[Recorded data]
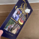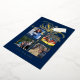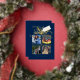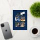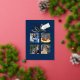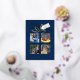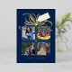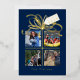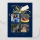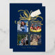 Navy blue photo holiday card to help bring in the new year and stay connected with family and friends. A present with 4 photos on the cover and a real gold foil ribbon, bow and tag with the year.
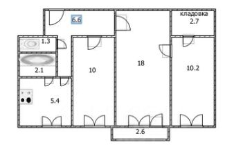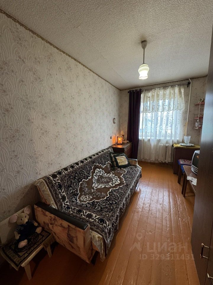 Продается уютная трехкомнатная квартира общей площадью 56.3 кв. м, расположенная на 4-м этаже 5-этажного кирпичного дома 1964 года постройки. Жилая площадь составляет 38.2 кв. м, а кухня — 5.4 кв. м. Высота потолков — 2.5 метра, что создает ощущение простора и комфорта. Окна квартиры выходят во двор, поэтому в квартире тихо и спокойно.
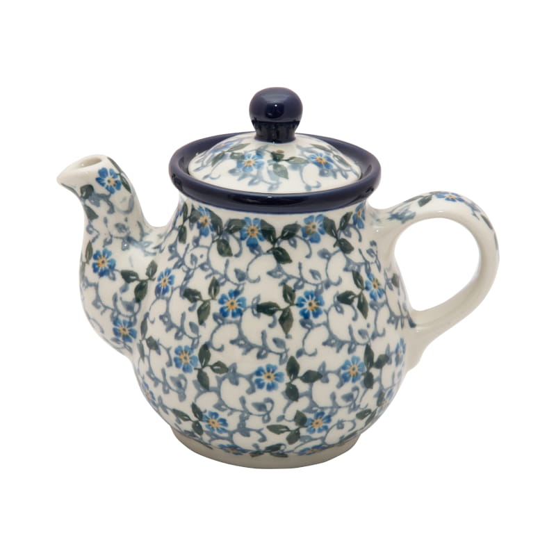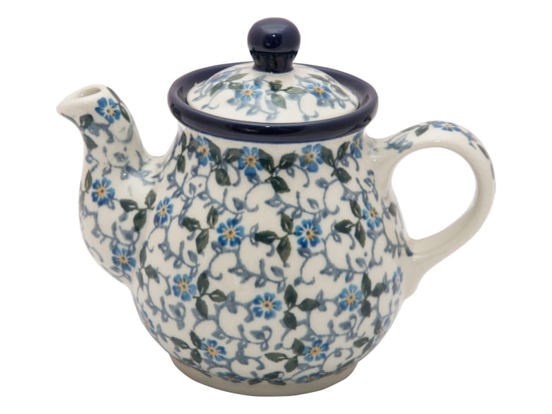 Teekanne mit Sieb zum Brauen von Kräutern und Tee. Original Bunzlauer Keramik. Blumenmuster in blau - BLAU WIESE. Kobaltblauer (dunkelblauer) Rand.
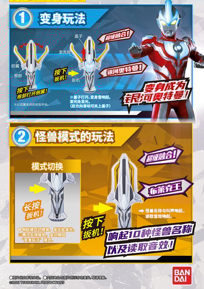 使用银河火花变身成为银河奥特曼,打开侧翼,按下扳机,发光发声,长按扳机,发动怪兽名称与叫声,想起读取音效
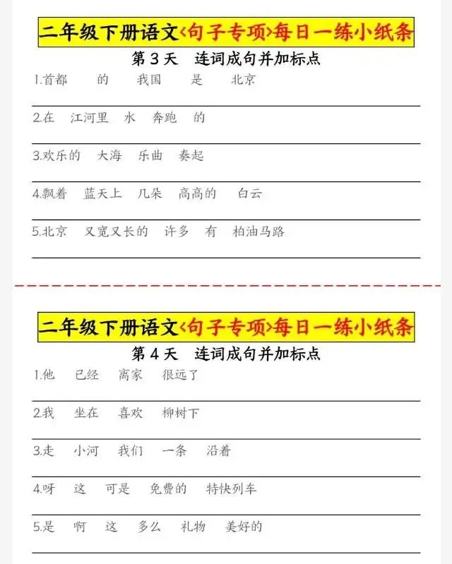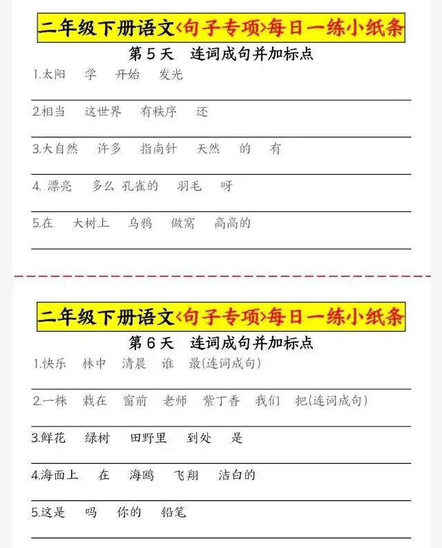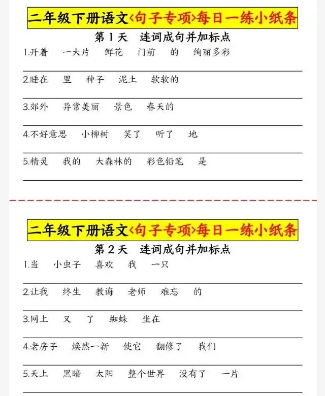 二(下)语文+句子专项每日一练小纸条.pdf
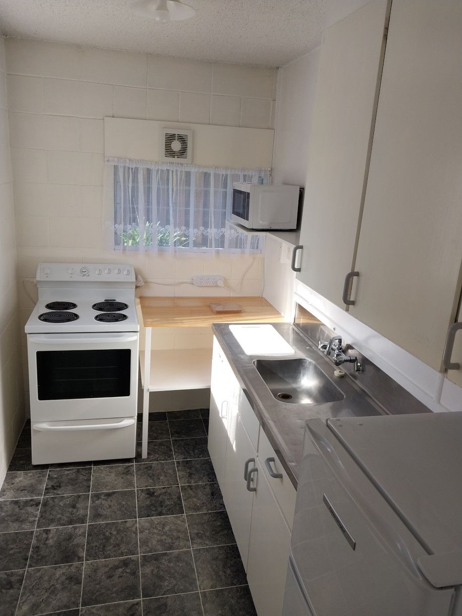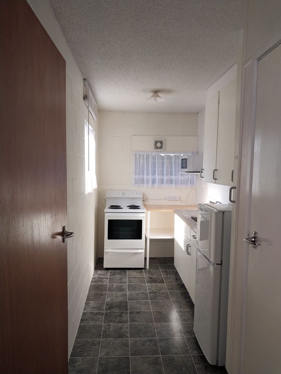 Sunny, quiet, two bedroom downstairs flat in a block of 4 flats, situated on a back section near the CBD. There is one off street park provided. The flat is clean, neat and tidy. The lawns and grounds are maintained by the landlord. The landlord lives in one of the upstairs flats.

* **EXERCISE PROMPT**
Out of the records above, return only the lines from the one with "Teekanne mit Sieb" through the one with "二(下)语文+句子专项每日一练小纸条.pdf", exactly, and none of the pictures.

* **TASK RESULT**
 Teekanne mit Sieb zum Brauen von Kräutern und Tee. Original Bunzlauer Keramik. Blumenmuster in blau - BLAU WIESE. Kobaltblauer (dunkelblauer) Rand.
 使用银河火花变身成为银河奥特曼,打开侧翼,按下扳机,发光发声,长按扳机,发动怪兽名称与叫声,想起读取音效
 二(下)语文+句子专项每日一练小纸条.pdf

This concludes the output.